Stochastic Temporal Data Upscaling Using the Generalized k-Nearest Neighbor Algorithm
Abstract
Three methods of temporal data upscaling, which may collectively be called the generalized k-nearest neighbor (GkNN) method, are considered. The accuracy of the GkNN simulation of month by month yield is considered (where the term yield denotes the dependent variable). The notion of an eventually well-distributed time series is introduced and on the basis of this assumption some properties of the average annual yield and its variance for a GkNN simulation are computed. The total yield over a planning period is determined and a general framework for considering the GkNN algorithm based on the notion of stochastically dependent time series is described and it is shown that for a sufficiently large training set the GkNN simulation has the same statistical properties as the training data. An example of the application of the methodology is given in the problem of simulating yield of a rainwater tank given monthly climatic data.
1. Introduction
The k-nearest neighbor method has its origins in the work of Mack [1], Yakowitz and Karlsson [2], and others, e.g., [3, 4]. In this work an estimate for Yi given an independently and identically distributed (i.i.d.) sequence (Xj, Yj) of random vectors with Xj ∈ Rp and Yj ∈ R (where R denotes the set of real numbers) on the basis of {(Xj, Yj) : j < i} is obtained by taking the average of Yj over the set {Yj : j ∈ J}, where J is the set of indices of vectors Xj which form the k nearest neighbors of Xi, in which k > 1.

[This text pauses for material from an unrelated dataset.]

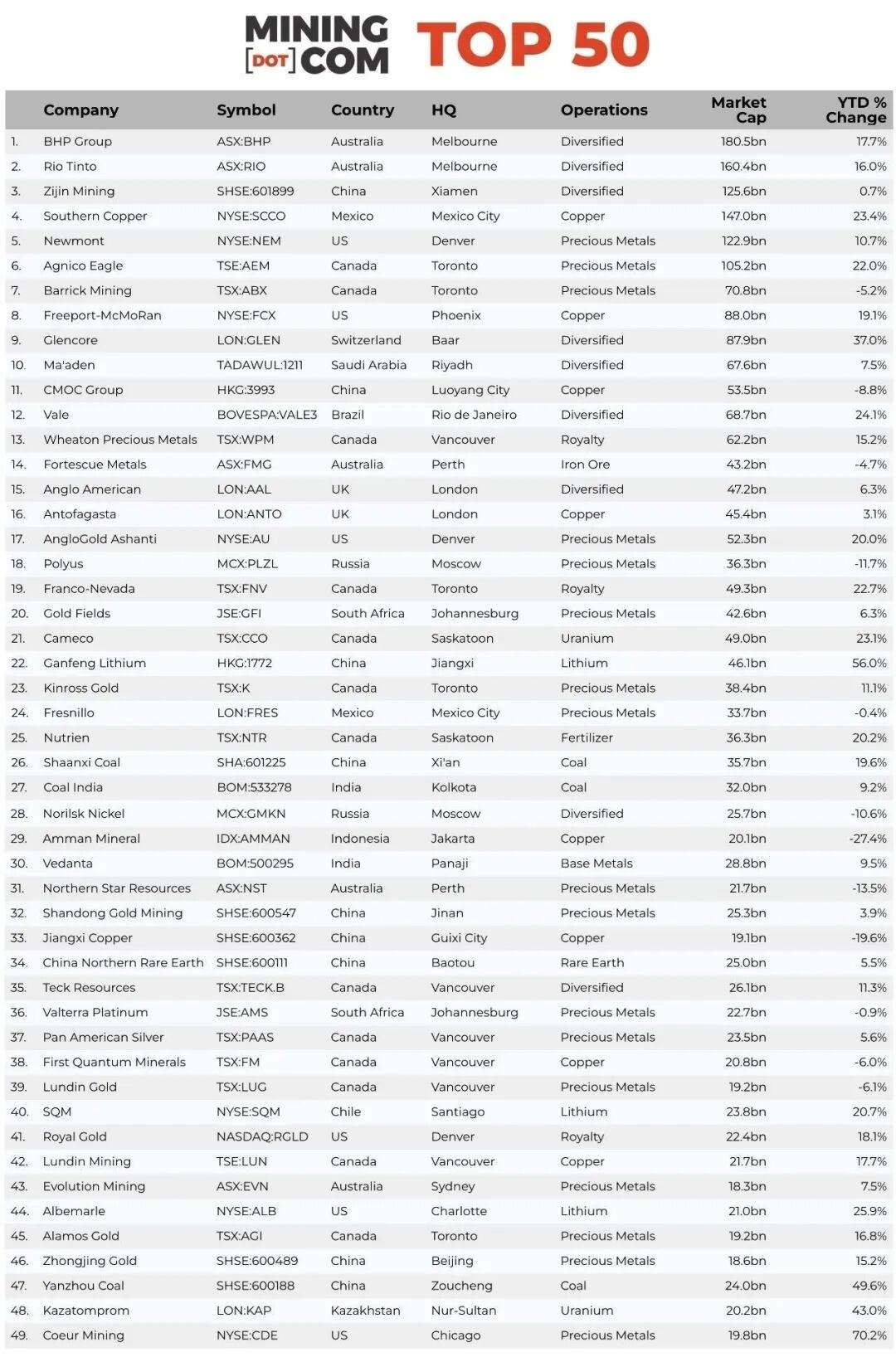 维度网讯,截至2026年第一季度末,全球市值最高的50家矿业公司总市值达2.41万亿美元,2025年至今已增长2500亿美元。其中,紫金矿业以1256亿美元市值稳居全球矿业第三,仅次于必和必拓与力拓,成为全球前十中唯一的中国企业,彰显国际矿业第一梯队地位。这一成绩不仅体现了紫金矿业自身强大的资源储备、开采能力以及高效的管理运营水平,更反映出其在全球矿业市场中的重要影响力与竞争力。

In later work by Lall and Sharma [5] and Rajagapolan and Lall [6] a related method, also called the k-nearest neighbor method, was used for simulating hydrological stochastic time series (Xi, Yi). In this method the next value in the simulated time series is chosen randomly according to a probability distribution over the set J of indices j of the k nearest neighbors Xj of Xi in {Xj : j < i}.

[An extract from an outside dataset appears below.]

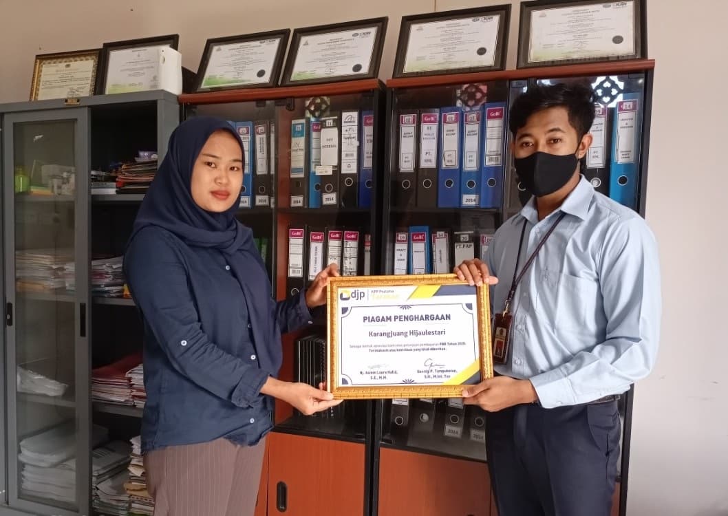 Kantor Pelayanan Penyuluhan dan Konsultasi Perpajakan (KP2KP) Nunukan memberikan apresiasi bagi wajib pajak yang telah berkontribusi besar dalam pembayaran Pajak Bumi dan Bangunan (PBB) tahun 2020 di Kabupaten Nunukan (Rabu, 16/6). Pemberian apresiasi ini berbentuk piagam penghargaan kepada wajib ajak tersebut karena telah melunasi PBB dengan baik dan tepat waktu.

More recent work in the area has been carried out by Biau et al. [7], Lee and Ourda [8], and Zhang [9].
In the present paper we derive some general results about the k-nearest neighbor algorithm and related methods which we group together as a general class of methods which we call the generalized k-nearest neighbor method (GkNN method). We do not make the assumption that the time series are i.i.d. [1], null-recurrent Markov [10], or Harris recurrent Markov chains [11]. We introduce the natural notion of a time series being eventually well distributed from which, if satisfied, some properties of the GkNN algorithm can be deduced.
The generalized k nearest neighbor (GkNN) algorithm is described in Section 2. Section 3 investigates the problem of predicting the month by month yield (where we use the term “yield" to denote the value of the dependent variable Yi) while Section 4 considers the computation of the average annual yield. Section 5 computes the variance of the average annual yield while Section 6 considers the behavior of the total yield. Section 7 describes a general framework for viewing the GkNN algorithm and conditions under which this framework is applicable in practice. The eighth section of this paper presents the particular example of the problem of simulating rainwater tank yield. The paper concludes in Section 9.
2. The Generalized k Nearest Neighbor (GkNN) Method
In the GkNN method we are given a time series {vt ∈ V : t = 1, …, T} of predictor vectors which may be obtained from, for example, a stochastic simulation of climatic data. Here V denotes the space of predictor vectors. We are also given training data {(wi, ui) ∈ V × [0, ∞) : i = 1, …, N}.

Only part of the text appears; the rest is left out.